Aim of the exercise
Your output must be the lines below from the line containing "this cigar cabinet" to the line containing "I can still", both lines included, reproduced exactly and without pictures.

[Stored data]
'''

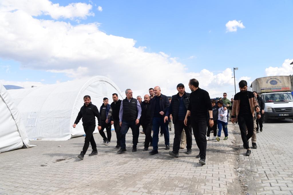 Şehrin tekrar ayağa kaldırılması ve depremzedelerin ihtiyaçlarının eksiksiz olarak karşılanması noktasında gecesini gündüzüne katarak çalışan Kahramanmaraş Büyükşehir Belediye Başkanı Hayrettin Güngör, depremin meydana geldiği ilk günden itibaren Kahramanmaraş’ta olan ve çalışmaları koordine eden İçişleri Bakanı Süleyman Soylu ile birlikte, tamamlanan ve kurulumu devam eden geçici esnaf çarşılarını ziyaret ederek incelemelerde bulundu. Kahramanmaraş Valisi Ömer Faruk Coşkun, koordinatör valiler ve AK Parti Kahramanmaraş Milletvekili Ahmet Özdemir’in de yer aldığı ziyaretlerde heyet, prefabrik ve konteyner çarşılarda gerçekleştirilen çalışmalar hakkında son bilgileri aldı.
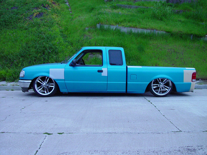 Shaved keyholes, stakeholes, antennae, emblems, and tailgate handle. Rear roll pan and the emblem has been frenched into the tailgate.
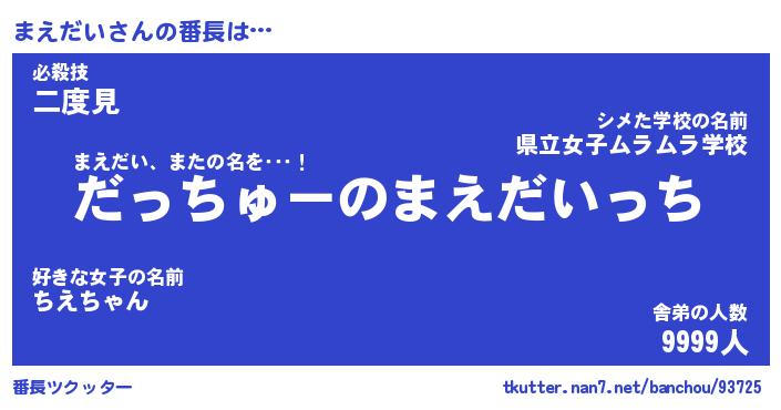 | 意味不明あだ名 | 『ペロリンまえだい』『永久保存まえだい』 |
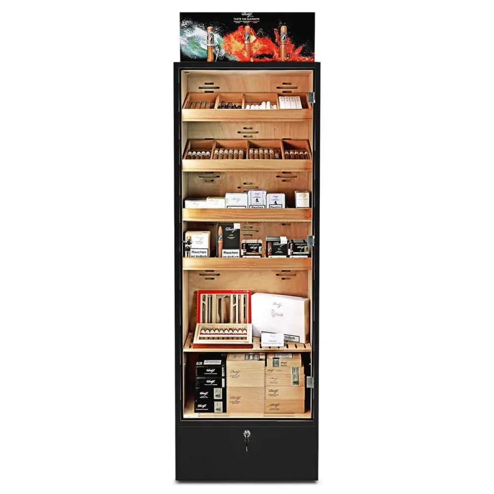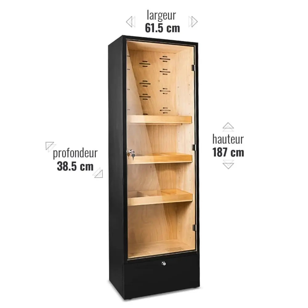 this cigar cabinet is cedar veneer with a second back panel for air circulation. it has three shelves with dividers and with magnetic edges which allows them to be transformed into a simple shelf. it will thus have four shelves in all. the humidity of the air is evenly distributed on all floors of the cigar cabinet thanks to a leveil humidifier and its four fans. finally a hidden drawer is available in the base of this large humidor.
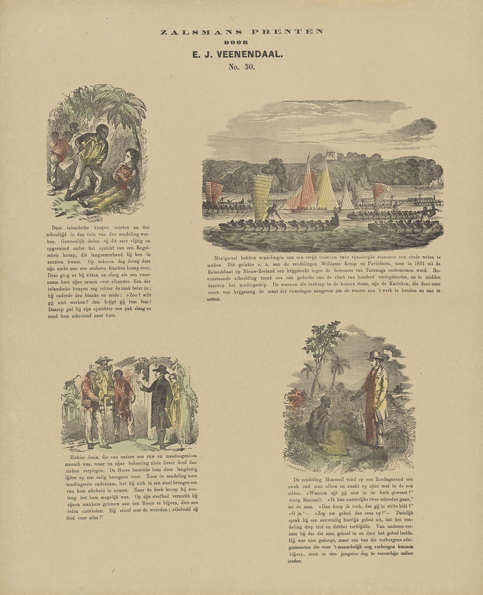 Blad met 4 voorstellingen van contact tussen Nieuw-Zeelanders en Europeanen. Onder elke afbeelding een onderschrift. Genummerd midden boven: No. 50.
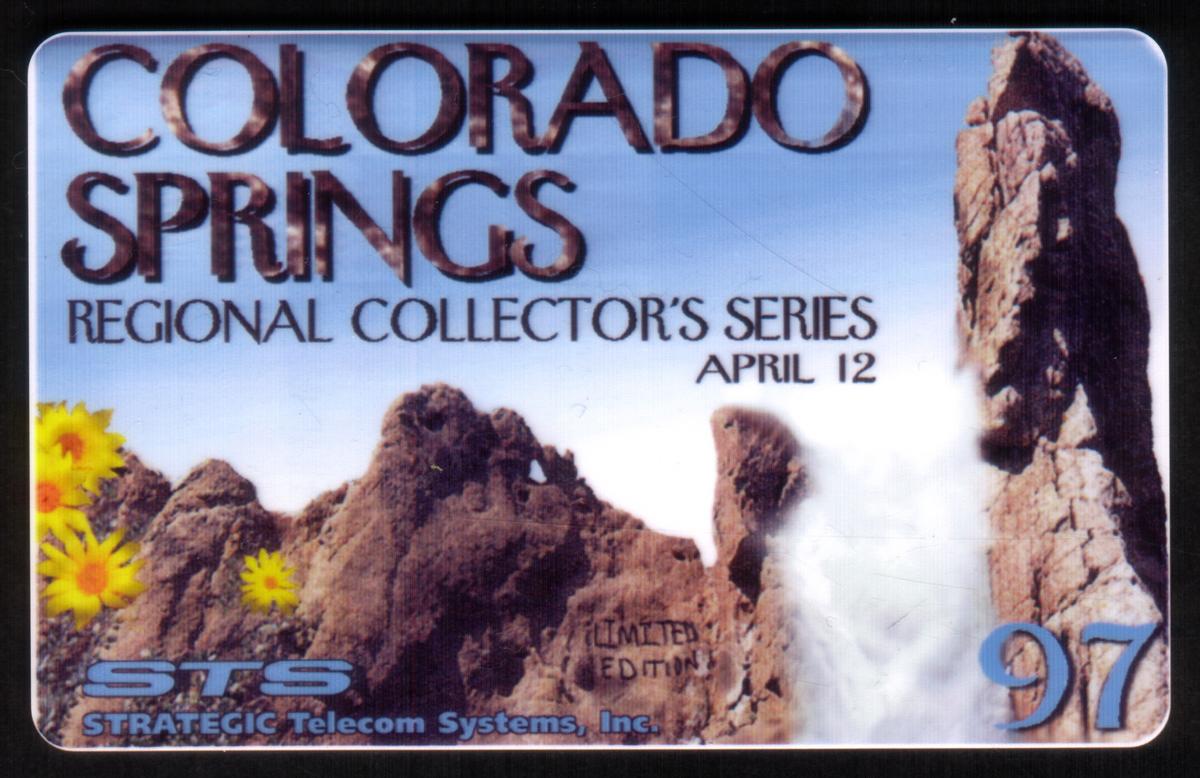 This collectible phone card features a scenic photograph of Colorado Springs, Colorado, showcasing a sprawling mountainous landscape under a clear sky. The image captures rugged mountain peaks with varying shades of green and brown, emphasizing the natural beauty of the region. The card is part of the Athena 20u Regional Collector Series from 1997, produced by Strategic Telecom Systems.
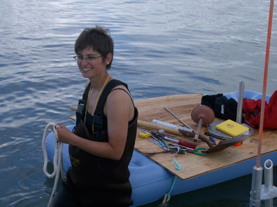 - Vera holding our makeshift raft with parts during instrument deployment.
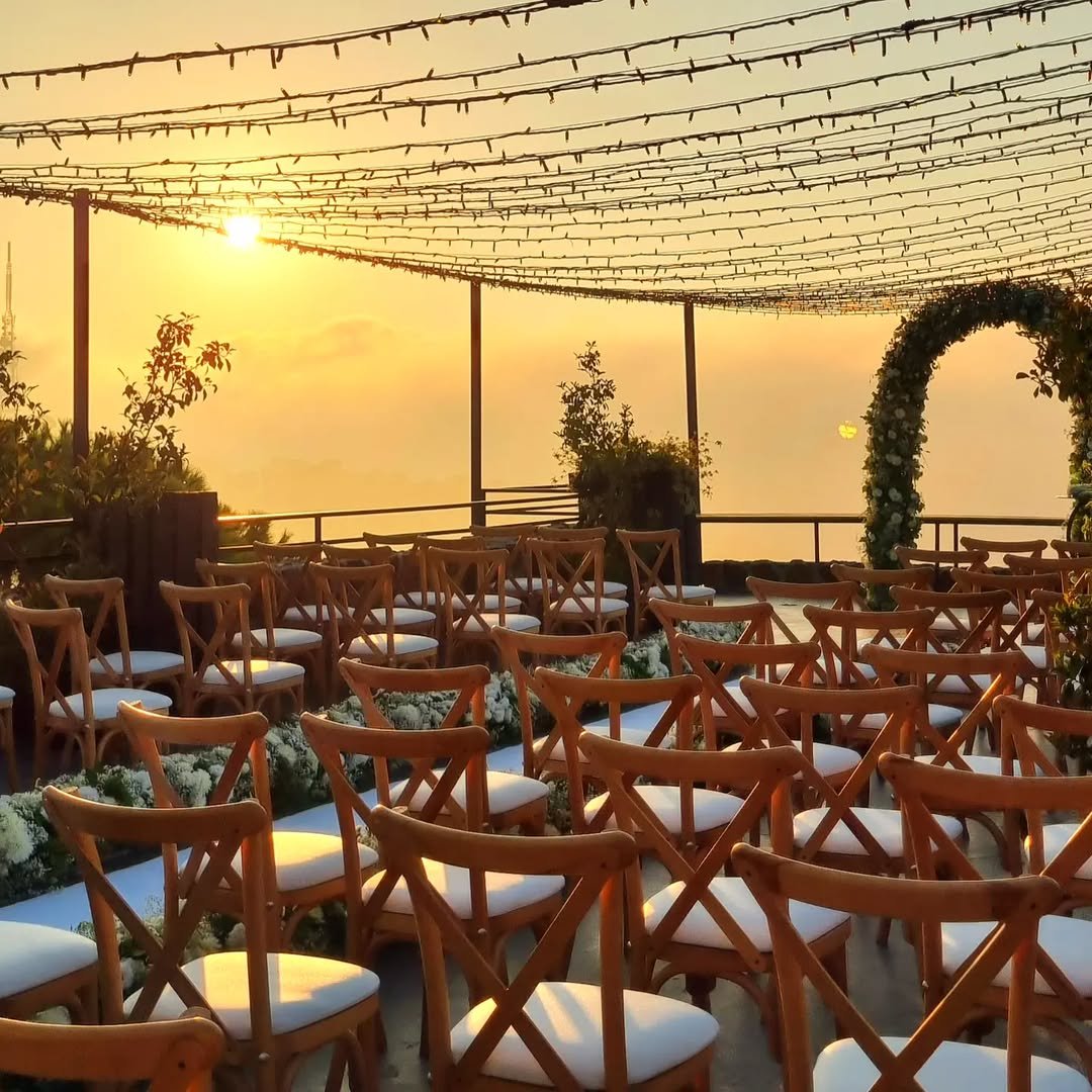 I can still feel the warmth just looking at this sunset ceremony at Villa Srour. Golden light spills over rustic wooden chairs and a canopy of twinkling lights, creating a setting that feels quietly magical and full of promise.
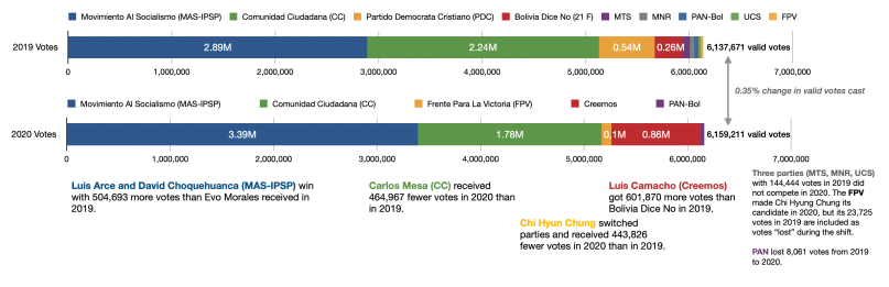I draw on a statistical analysis of votes shifts by Diego Aliaga and colleagues, municipality-level vote analysis by Arián Laguna, citing and sometimes questioning their conclusions, and vote data from the Plurinational Election Organ (2019|2020). The analysis from 2019 to 2020 is simplified by the fact that nearly equal numbers of valid votes were cast in the two elections, meaning that we can work with raw vote counts as well as vote shares.
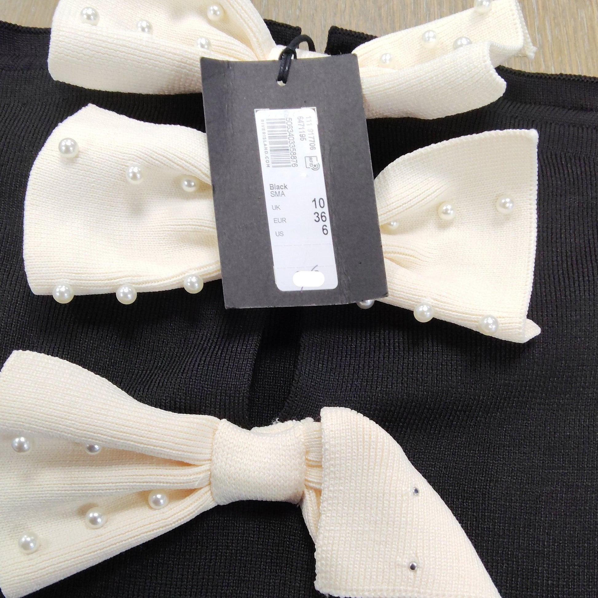 River Island Bow Detail Bodycon Dress UK10 Women's Black Sleeveless Elegant
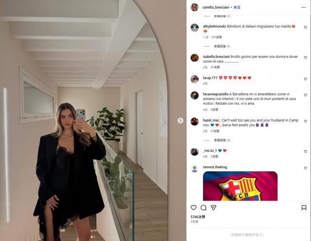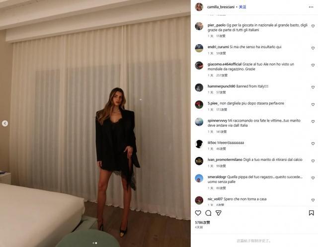 巴斯托尼的内助卡米拉·布雷西亚尼ins也被网友黑白,咫尺还是关闭了指摘。
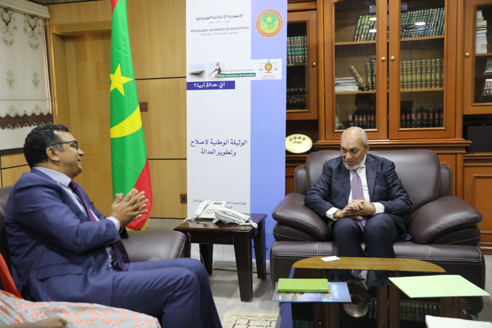 استقبل معالي وزير العدل السيد محمد محمود ولد الشيخ عبد الله بن بيَه في مكتبه ظهر اليوم الخميس 02-01-2025، السيد: الكبير العلوي المدغري، ممثل منظمة الأمم المتحدة للطفولة (اUNICEF) في بلادنا.
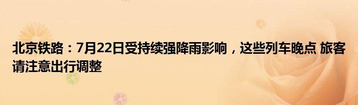 北京铁路:7月22日受持续强降雨影响,这些列车晚点
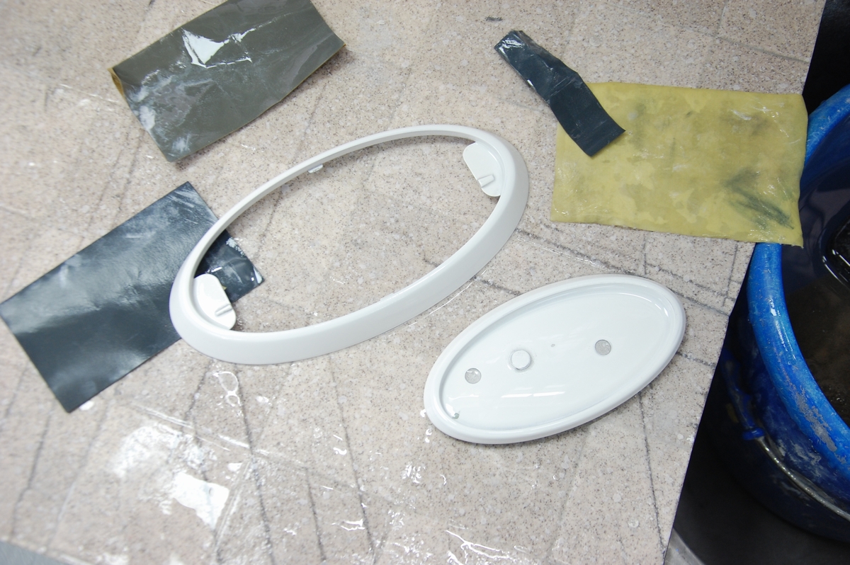 #800で表面を均したら#1500でペーパー目を消し、フチなどは当たりの柔らかい布状研磨副資材(アシレックスレモン)で足付け処理をしておきます。

'''

Exercise result
 this cigar cabinet is cedar veneer with a second back panel for air circulation. it has three shelves with dividers and with magnetic edges which allows them to be transformed into a simple shelf. it will thus have four shelves in all. the humidity of the air is evenly distributed on all floors of the cigar cabinet thanks to a leveil humidifier and its four fans. finally a hidden drawer is available in the base of this large humidor.
 Blad met 4 voorstellingen van contact tussen Nieuw-Zeelanders en Europeanen. Onder elke afbeelding een onderschrift. Genummerd midden boven: No. 50.
 This collectible phone card features a scenic photograph of Colorado Springs, Colorado, showcasing a sprawling mountainous landscape under a clear sky. The image captures rugged mountain peaks with varying shades of green and brown, emphasizing the natural beauty of the region. The card is part of the Athena 20u Regional Collector Series from 1997, produced by Strategic Telecom Systems.
 - Vera holding our makeshift raft with parts during instrument deployment.
 I can still feel the warmth just looking at this sunset ceremony at Villa Srour. Golden light spills over rustic wooden chairs and a canopy of twinkling lights, creating a setting that feels quietly magical and full of promise.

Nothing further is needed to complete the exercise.